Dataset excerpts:
↓

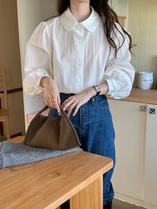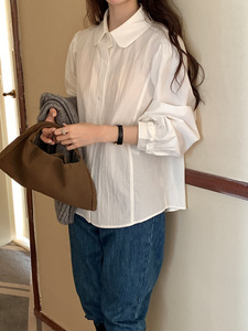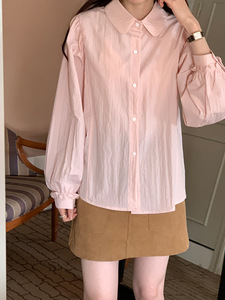 粉色长袖衬衫女秋季广州十三行2025新款韩版宽松显瘦百搭衬衣上衣
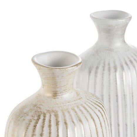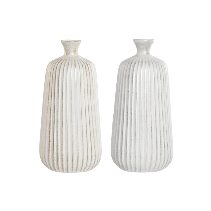Los jarrones Taluk, fabricados en gres con dimensiones de 16x16x38 cm, ofrecen un diseño robusto y versátil para cualquier espacio. Disponibles en dos acabados diferentes, permiten adaptar la decoración a distintos estilos, desde modernos hasta rústicos. Su material garantiza durabilidad y una textura natural que realza la presencia de flores o ramas secas, aportando un toque artesanal y sofisticado a la decoración interior.
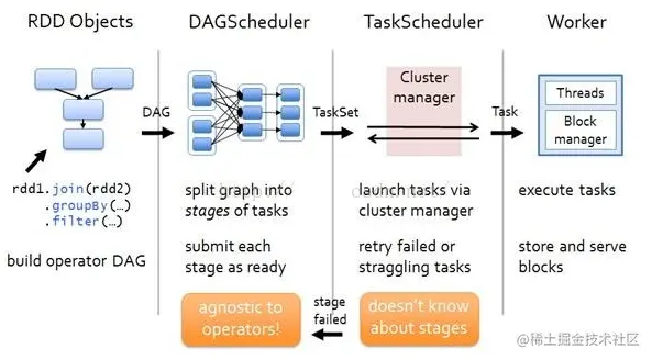 - SparkContext构建成DAG图,将DAG图分解成Stage、将Taskset发送给Task Scheduler,最后由Task Scheduler将Task发送给Executor运行
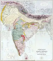 In 1843, he started to prepare a geological map of British India. In 1852 he produced a series of maps of Hindustan, mainly hydrographical, defining all the important elements of the ten water basins of the Indian Peninsula (for the Asiatic Society), and in 1854 a large-scale geological map of the whole of British India, published as a 'General Sketch of the Physical and Geological Features of British India.[30] Greenough never visited India but much as he had done for his earlier maps of England and Wales, he compiled his map from scraps of information gathered from many observations of officers in the East India Company who were provided forms to submit. He was assisted in this effort by Colonel William Henry Sykes of the East India Company and sixty copies of the map were purchased by the company for distribution.[31][32] One of Greenough's key strengths was his assiduous ability to collect and collate information for his empirical cause. However, this 'remote' method of map construction resulted in 53 errors on his India map, some topographical as well as geological and palaeontological, that were listed by a committee led by Thomas Oldham, Director of the Geological Survey of India, in 1856.[33] Nevertheless, Greenough's geological map of India was a pioneering effort.
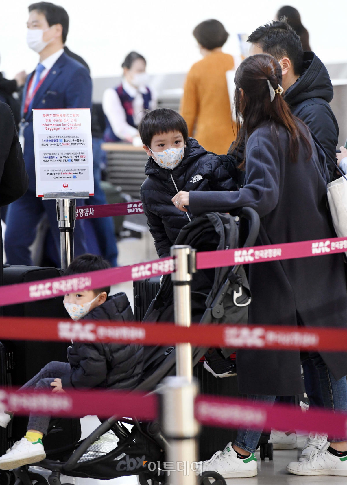 신종 코로나바이러스 감염증(코로나19) 방역을 명목으로 한 일본 정부의 한국인에 대한 입국 제한 조치 시행을 하루 앞둔 8일 서울 강서구 김포국제공항 출국장 일본행 카운터에서 승객들이 탑승 수속을 밟고 있다. 정부는 일본의 우리 국민에 대한 입국 제한 대응으로 9일 0시부터 일본에 대한 비자 면제조치와 이미 발급된 비자의 효력을 정지한다고 밝혔다.
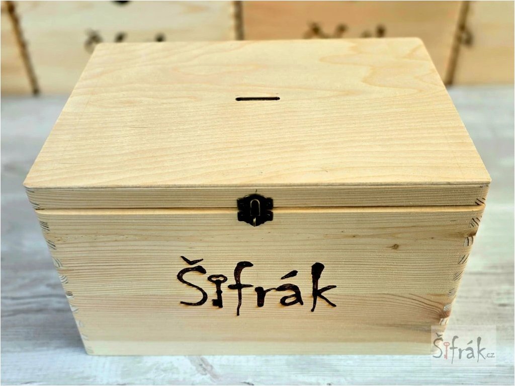 Ve spolupráci s Šifrák.cz jsme pro Vás připravili možnost této dárkové bedny, do které můžeš přiobjednat naše pytlíky a nebo si ji naplnit sám čímkoliv. Aby se do bedny obdarovaný dostal musí vyluštit přiloženou šifru střední obtížnosti 15+, čímž odemkne zámek a dostane odměnu. Bedna do budoucna lze použít například jako velká kasička.
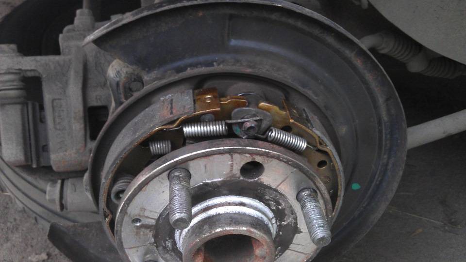 Замена колодок производится после снятия заднего колеса и барабана. Далее необходимо вместе с выступом разобрать пружины и кронштейны. Сняв замок, можно отсоединить трос.
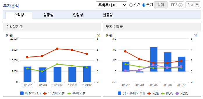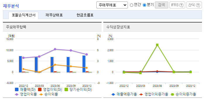 -2023년 9월 전년동기 대비 연결기준 매출액은 3.3% 감소, 영업이익은 1.5% 증가, 당기순이익은 63.2% 감소. 택배사업부문을 제외한 사업부문은 매출이 감소함. 그럼에도 원가 절감 및 물류 사업 수익성 개선으로 영업이익은 증가함. 2024년 1분기 개장 예정인 대전 스마트 Mega Hub 터미널은 일 120만 Box를 처리가능한 규모의 물류 자동화설비를 갖춘 터미널로 운영원가 절감을 통한 성장을 기대하고 있음.
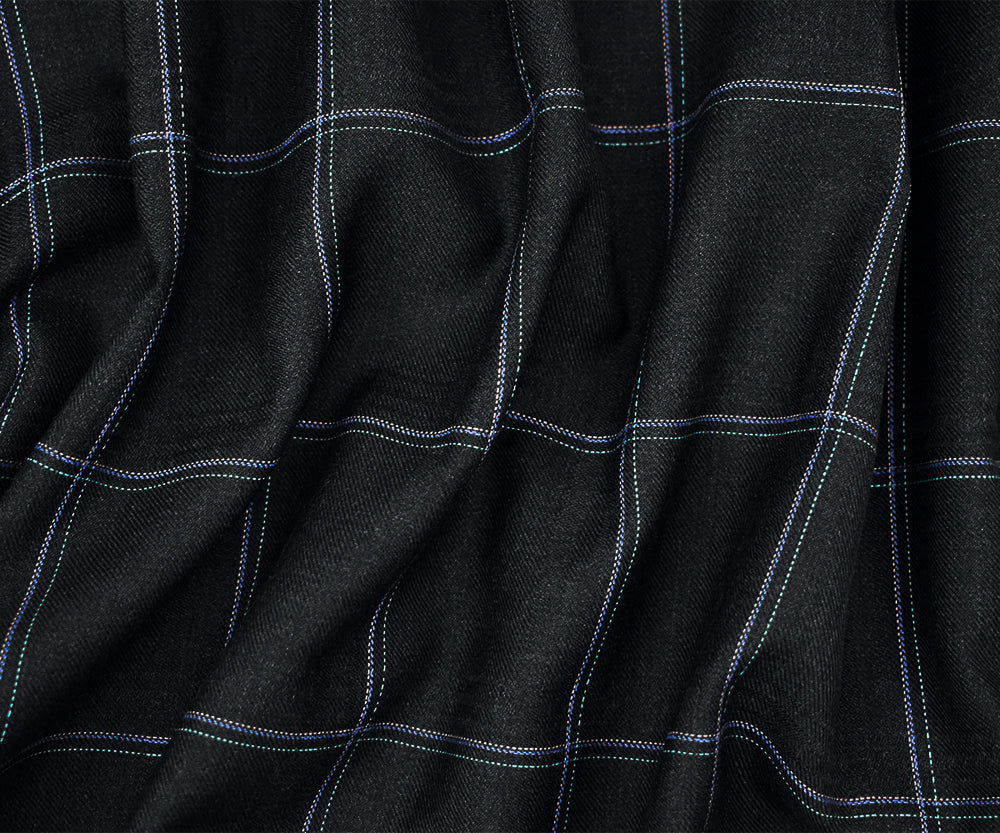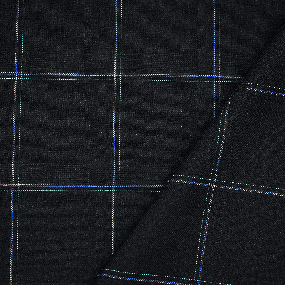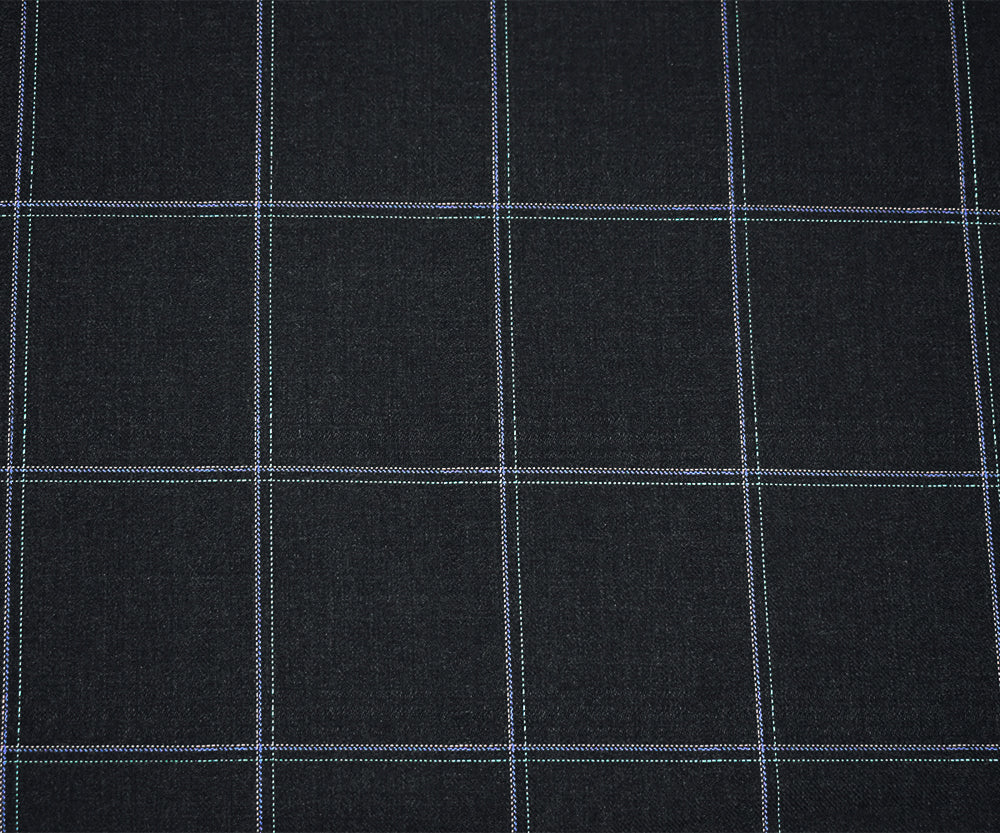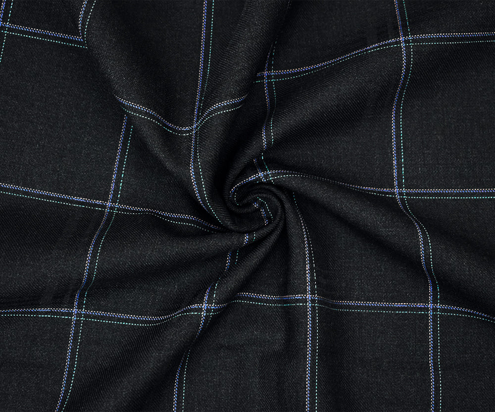 Black-Pink-Blue Polyester Wool Grid Plaid Twill Woven Shirting Fabric
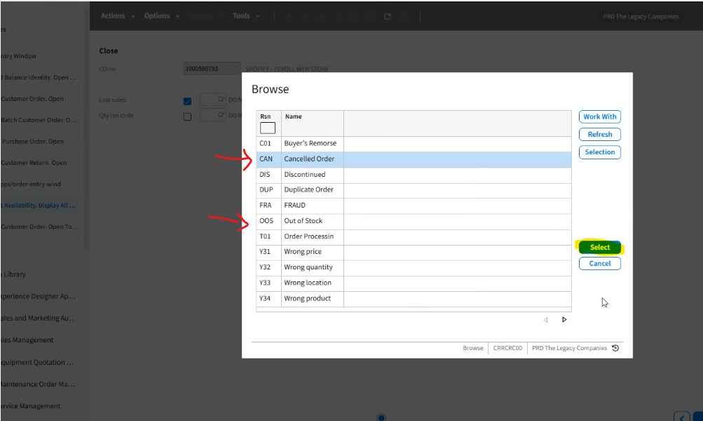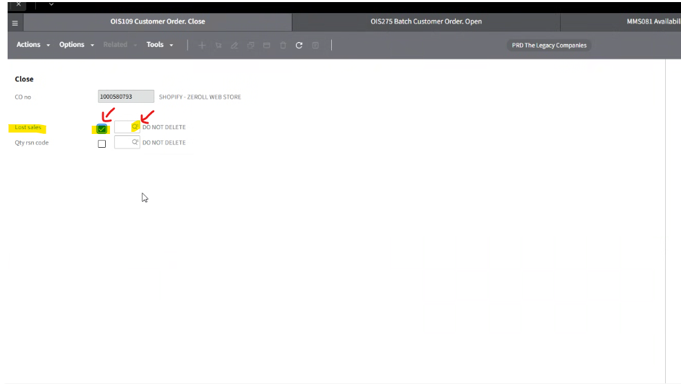 2. Request to cancel a Product Line --> The Product line you are cancelling must reflect status 99

↑

• WHAT TO DO: Leaving out each picture, repeat exactly the lines above from the one that contains "Замена колодок производится" through the one that contains "Black-Pink-Blue Polyester Wool".

• EXERCISE RESPONSE:
 Замена колодок производится после снятия заднего колеса и барабана. Далее необходимо вместе с выступом разобрать пружины и кронштейны. Сняв замок, можно отсоединить трос.
 -2023년 9월 전년동기 대비 연결기준 매출액은 3.3% 감소, 영업이익은 1.5% 증가, 당기순이익은 63.2% 감소. 택배사업부문을 제외한 사업부문은 매출이 감소함. 그럼에도 원가 절감 및 물류 사업 수익성 개선으로 영업이익은 증가함. 2024년 1분기 개장 예정인 대전 스마트 Mega Hub 터미널은 일 120만 Box를 처리가능한 규모의 물류 자동화설비를 갖춘 터미널로 운영원가 절감을 통한 성장을 기대하고 있음.
 Black-Pink-Blue Polyester Wool Grid Plaid Twill Woven Shirting Fabric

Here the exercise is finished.